The settlement announced with Linden Financial Group LLC ends the litigation. In the face of rising consumer complaints against Danielson Law Group, Linden Financial Group was formed to serve as the marketing arm for the defendants’ enterprise, the FTC contends. 

Linden Financial Group prepared and mailed ads for mortgage relief services that were designed to look like they were coming from lawyers in the recipients’ states. The FTC also alleges that Linden Financial Group received money from the payment processor set up to collect funds from consumers and then used this money to fund expenses and funnel cash to Philip Danielson and others.

In February, the FTC announced settlements with the other individual and corporate defendants in the case that resulted in orders banning the defendants from offering mortgage assistance relief services and from participating in the debt relief industry.

The defendants, according to the FTC, lured consumers into paying $500 to $3,900 by falsely promising that attorneys would negotiate loan modifications that would substantially reduce the consumers’ mortgage payments. 

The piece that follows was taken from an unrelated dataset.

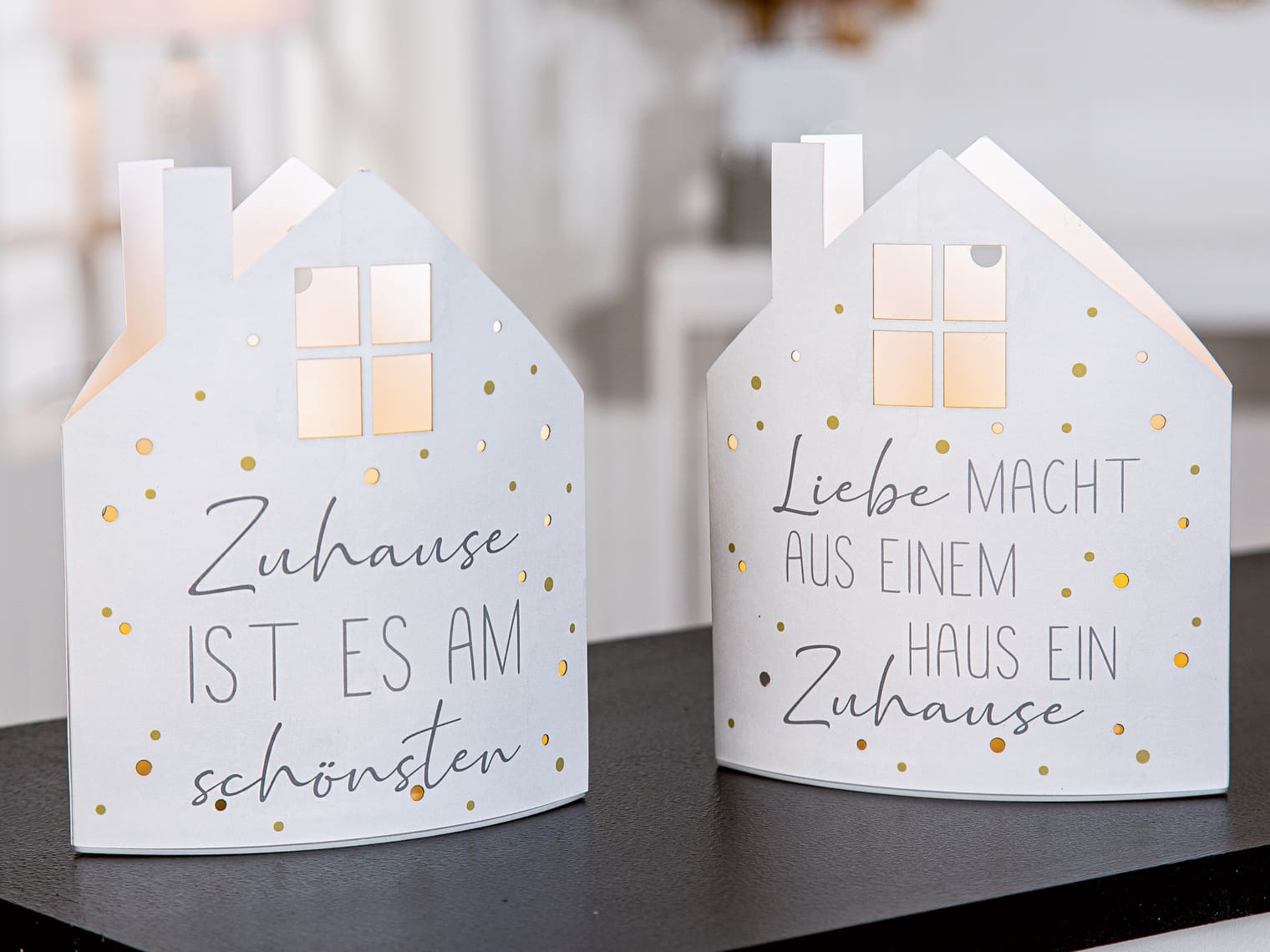 Diese liebevoll gestaltete Tischleuchte in Hausform von Gilde Handwerk bringt Wärme und Geborgenheit in jeden Raum. Die Aufschrift „Liebe macht aus einem Haus ein Zuhause“ erinnert an das, was wirklich zählt – einen Ort zum Wohlfühlen. Die Papplampe ist wie ein kleines Häuschen geformt, mit Schornstein, einem beleuchteten Dachfenster und zahlreichen feinen Lichtpunkten, die beim Einschalten ein zauberhaftes Lichtspiel erzeugen. Perfekt für Fensterbank, Sideboard oder Nachttisch – als stimmungsvolle Deko, Nachtlicht oder Geschenkidee.

Under the proposed settlement, Linden Financial Group also is prohibited from violating the FTC’s Telemarketing Sales Rule, and is required to have competent and reliable evidence to support claims made about the benefits, performance, or efficacy of any financial product or service. The proposed order imposes a judgment of $28.6 million against Linden Financial Group and requires the company to turn over its financial accounts to the agency.